■ Data section:
============================================================

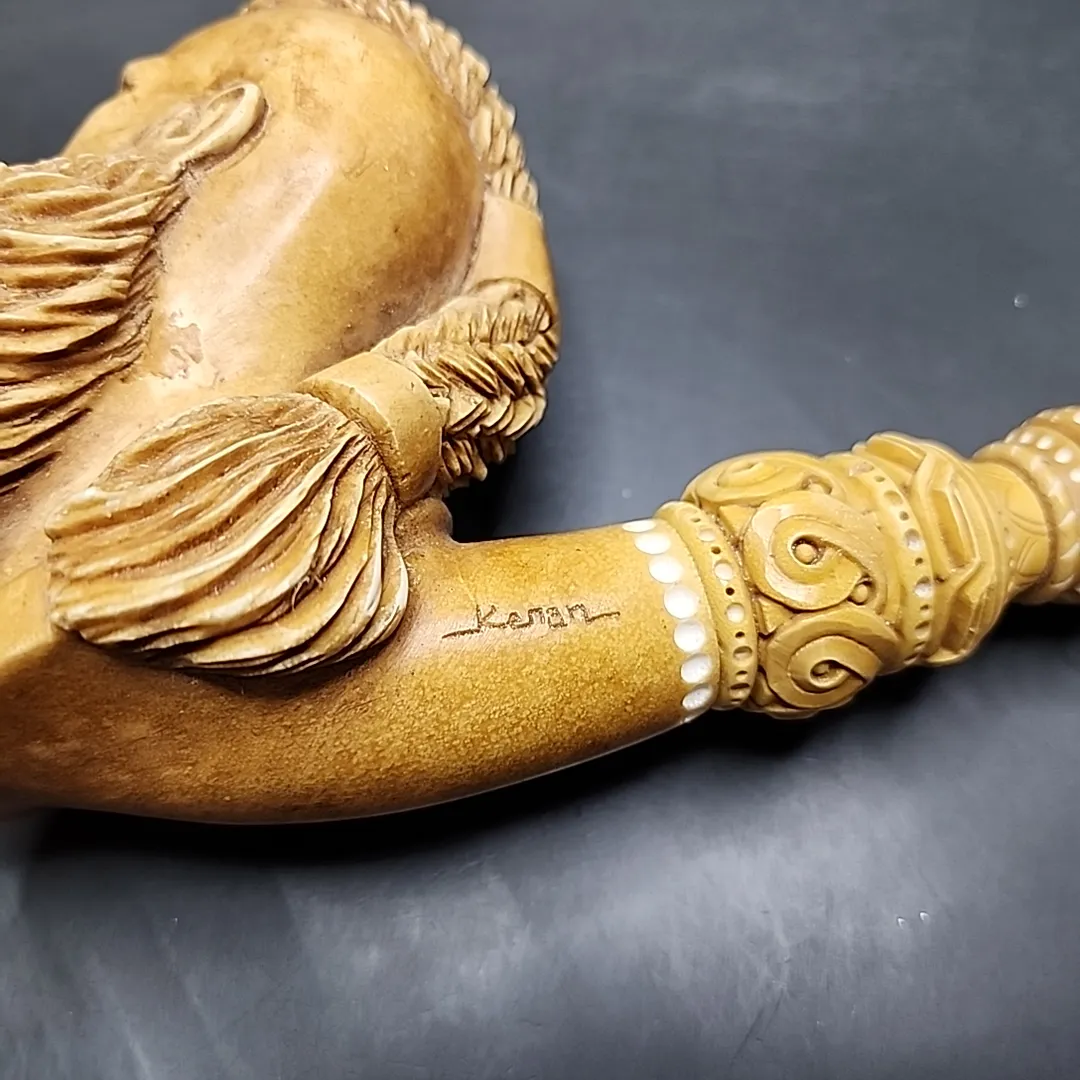 MBSD Meerschaum Masters is our line for special, typically figural, meerschaum pipes carved by some of today’s greatest living meerschaum carvers. For this pipe, we enlisted the services of Turkish master Kenan.
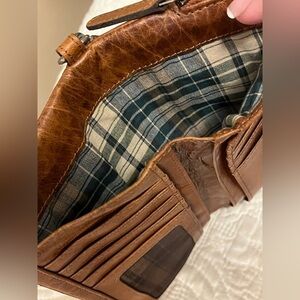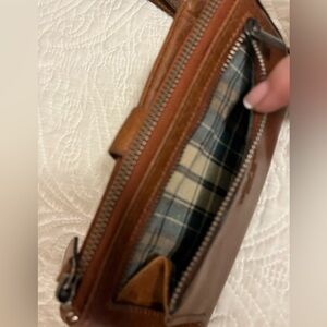 Chic brown leather wristlet by Wild West. Features a convenient strap and secure zipper.
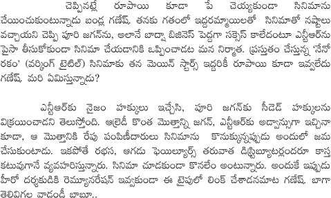 NTR and Puri Jagannath Remunerations

============================================================

■ Required action: Exclude the pictures, and transcribe all of the material exactly.

■ Response box:
 MBSD Meerschaum Masters is our line for special, typically figural, meerschaum pipes carved by some of today’s greatest living meerschaum carvers. For this pipe, we enlisted the services of Turkish master Kenan.
 Chic brown leather wristlet by Wild West. Features a convenient strap and secure zipper.
 NTR and Puri Jagannath Remunerations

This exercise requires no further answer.